"Excuse me—certainly: yes, that is, I think I do. We don't use them very often. Do you mean tallow or wax?"
"Wax, of course! They have such elegant decorations on them. I had a most exquisite sconce Christmas, with two of the loveliest tapers completely covered with Moorish arabesques in crimson and old gold."
"What becomes of the decorations when the tapers burn up?"
"Well, we don't burn them much. Indeed, I don't think we ought to use artificial light at all. The mysterious light of the moon and stars is so much more enchanting. Don't you love to muse and dream in the fading twilight?"
"No, not very well. The trouble is if I get to sleep before I go to bed I don't sleep as well afterward."
"Oh, I don't mean actual dreams, but vague, dreamy musings, esthetic aspirations and longings. Do you never long for abstract beauty?"
"Well, no, not long.
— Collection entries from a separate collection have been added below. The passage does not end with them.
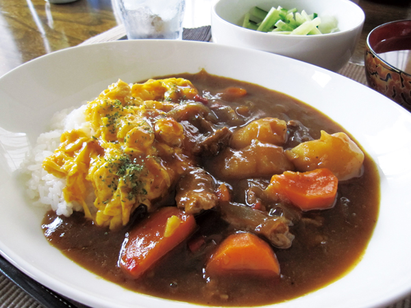 豚薄切り・じゃが芋・玉葱・人参の昭和のカレーにスクランブルエッグを加えたり。
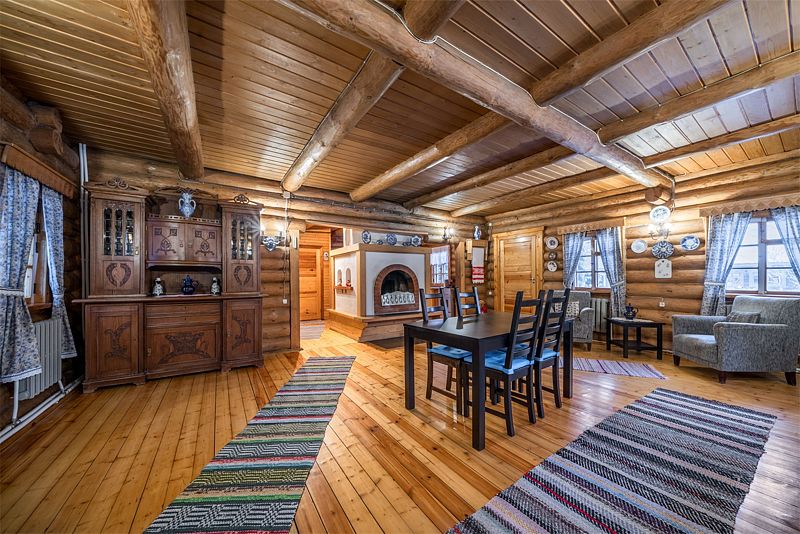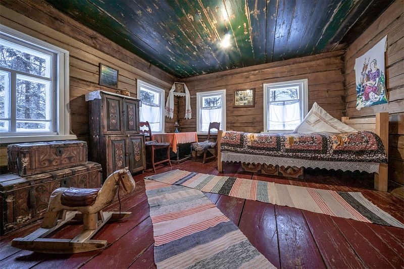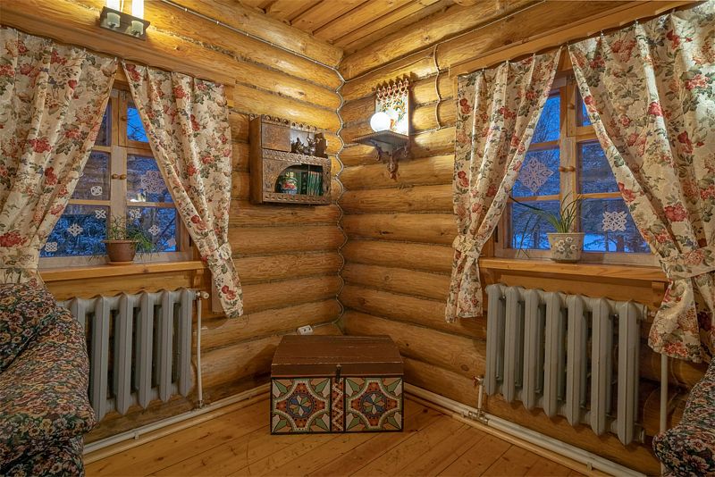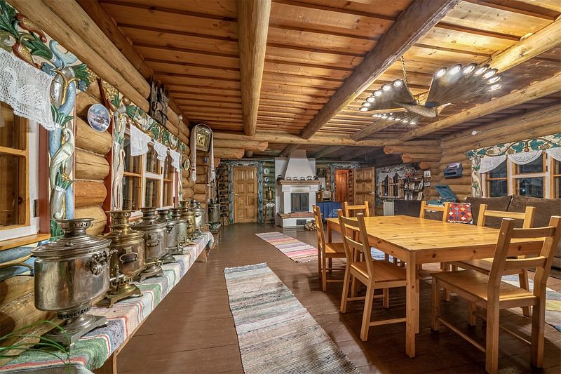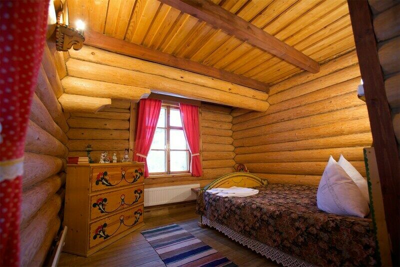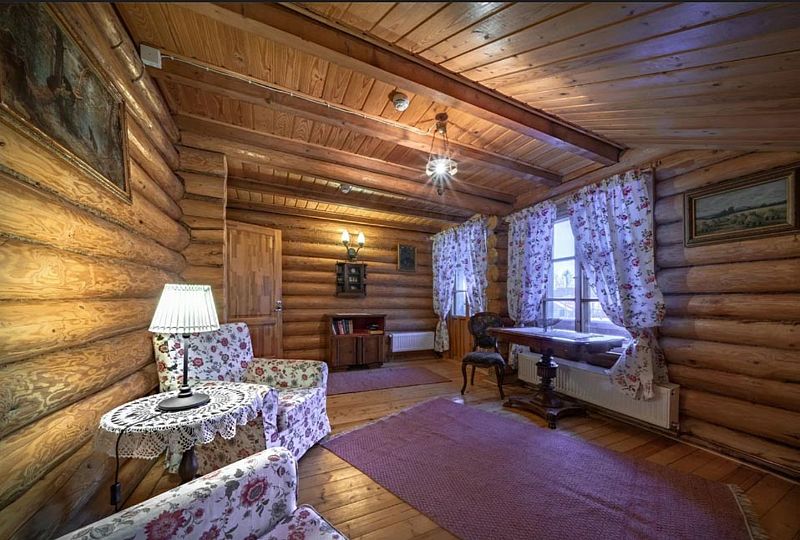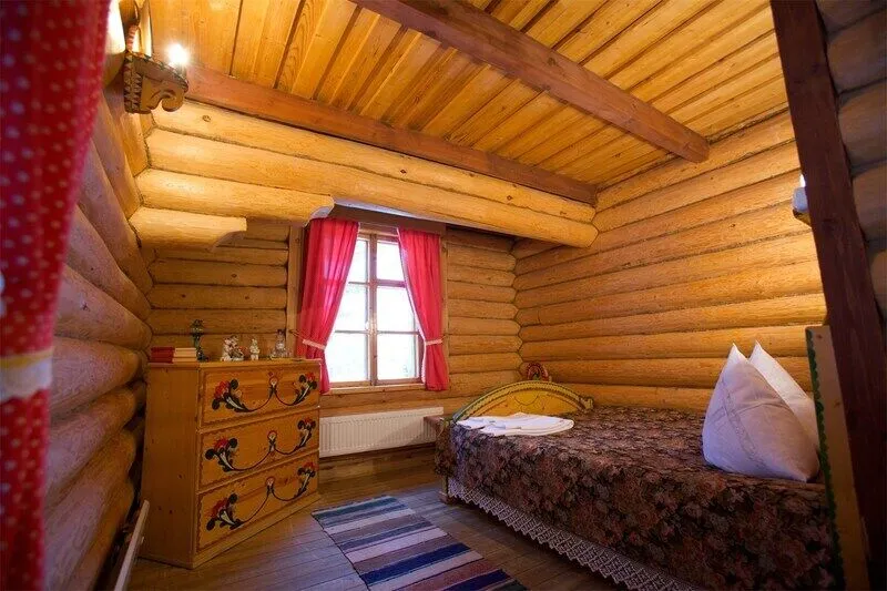 В номерах предусмотрена необходимая мебель для отдыха, есть электрический чайник, мини-холодильник и собственный санузел с душем и туалетными принадлежностями. В домах дополнительно оборудованы уютные гостиные с камином и телевизором. Интерьер в избах выполнен согласно настоящему крестьянскому быту. В усадьбе обустроен причал к реке, есть собственная бильярдная.
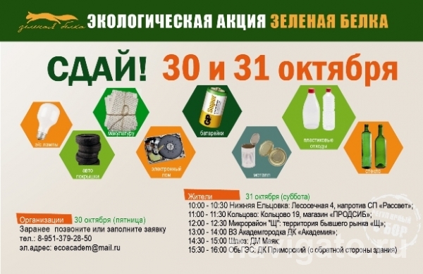 30-31 октября совместно с компанией «РЕТЭКО» при поддержке Общественного фонда «Академгородок» и Молодежного центра «Мир молодежи» проводится акция по сбору вторсырья «Зеленая белка».

If I can't get what I want pretty quick I generally go for something else."
This irrelevant conversation was vastly entertaining to Jack, who, knowing how unlike were the dispositions of his brother and his wife's cousin, had contrived their meeting with special reference to his own amusement. When the clock told the hour for retiring he brought Bessie a tin candlestick, in which a tallow candle smoked and spluttered in a feeble way, but filled the soul of the young lady with admiration, it was so "full of feeling."
"Life is so much richer when our environment is illuminated and glorified—"
"By tapers," said Jack as he bade her an affectionate good-night.